Since Jan. 26, at least 24 inches of snow buried the University of Rhode Island, bringing three full snow days, a half day cancellation and an icy, slushy mess to clean up.
According to the National Weather Service, the blizzard of 2015, or winter storm Juno, hit Rhode Island full force last week, bringing wind gusts of up to 52 mph in Newport, and freezing temperatures across the state. As if that was not enough, on Feb. 2 another storm blew in, dropping another 6 to 7 inches of snow in Kingston, and canceled class on Monday.
Facilities Director Jerome Sidio says URI is preparing itself for a long winter season.
“In January and February, we seem to get into these patterns,” said Sidio. “But it all comes down to literally forecasting the weather. At this rate, [the snow] seems to be more on the high side than the low side this year. Our concerns are increasing.”
According to Sidio, February is always the worst month for snow.
Last year was one of the costliest winters URI has seen in several years, he said. The plentiful, consistent snowfalls were enough to cost the University at least $20,000 in contractor fees alone to help clear the snow, and deplete salt, sand and magnesium chloride resources significantly. That figure does not include the cost of materials and manpower used from University funds and employees.

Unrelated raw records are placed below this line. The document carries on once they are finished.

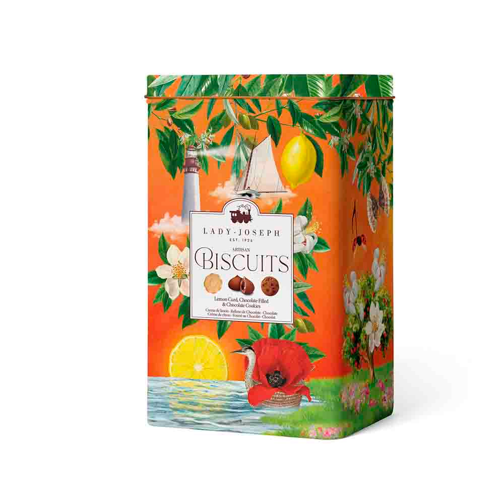 Elegante caja variada en lata metálica. Un surtido con tres variedades diferentes y envasadas de forma individual para así, mantener toda su frescura. Galleta crema limón, galleta de chocolate relleno y cookies de chocolate negro y naranja. Elaboradas con ingredientes naturales, artesanas y horneadas a baja temperatura para conservar todo su aroma y sabor.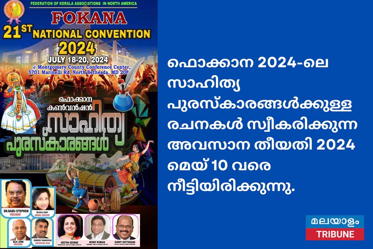 വാഷിംഗ്ടൺ ഡി സി : അമേരിക്കയിലെ ഏറ്റവും ജനപ്രിയ സാഹിത്യ പുരസ്ക്കാരങ്ങൾ എന്നു വിശേഷിപ്പിക്കുന്ന ഫൊക്കാന സാഹിത്യ പുരസ്കാരത്തിനുള്ള രചനകൾസ്വീകരിക്കുന്ന അവസാന തീയതി 2024 മെയ് 10 വരെ നീട്ടിയാതായി അറിയിക്കുന്നു.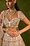 Chamee and Palak features a multi-colored lehenga in raw silk base with sequins, thread and pearl embroidery. It is paired with a floral embellished blouse and a soft tulle dupatta. Accentuate it with kundan polki jewellery, a floral hairdo and block heels for a wedding, sangeet or engagement ceremony.

In the last two storms alone, the snowfall has cost URI about $37,240 in sand, magnesium-based ice melt, and rock salt. Facilities estimated they have already gone through 150 tons of salt, 10 tons of ice melt, and 15 tons of sand.
These materials alone are expensive, not to mention the facilities staff of about 30 University employees used to plow and spread these materials around campus. In occasions where there is extremely heavy snowfall, like Juno, the University also must hire outside contractors to clear the snow. For this particular storm, it cost them another $10,000.
The exact totals for materials and manpower was still being calculated before the Cigar’s publishing deadline, but Sidio said they must also factor in overtime pay, as workers must run plows and clean up non stop through the storms.
The money for cleaning up winter weather comes from a facilities budget that varies annually. For 2015, Sidio estimates that figure is closer to $8 million. Within those funds, $2 million is used specifically for groundskeeping. The University’s winter weather budget comes out of both groundskeeping and the main budget.
“In bad years with bad winters, it comes out of every pocket,” said Sidio.
If there is a state of emergency declared like there was during Juno, the University can file a claim to Federal Emergency Management Agency to get reimbursed for materials and labor used to clear the snow on campus, but it’s a process that can take about six months.
Let’s not forget, there’s more snow in the forecast. The National Weather Service predicts a good chance of snow starting Thursday and continuing on and off through Sunday.
Sidio and Athletic Grounds Manager Brian Boesch say they’ve reordered about $60,250 worth of sand, salt and magnesium supplies to help get them through the weekend, and begun repairs on the plows and trucks used for clearing snow and distributing sand and salt. Sidio says his team is resting up before the plows could start running this weekend.
“We’ve got a very good crew dedicated to snow removal on this campus,” he said.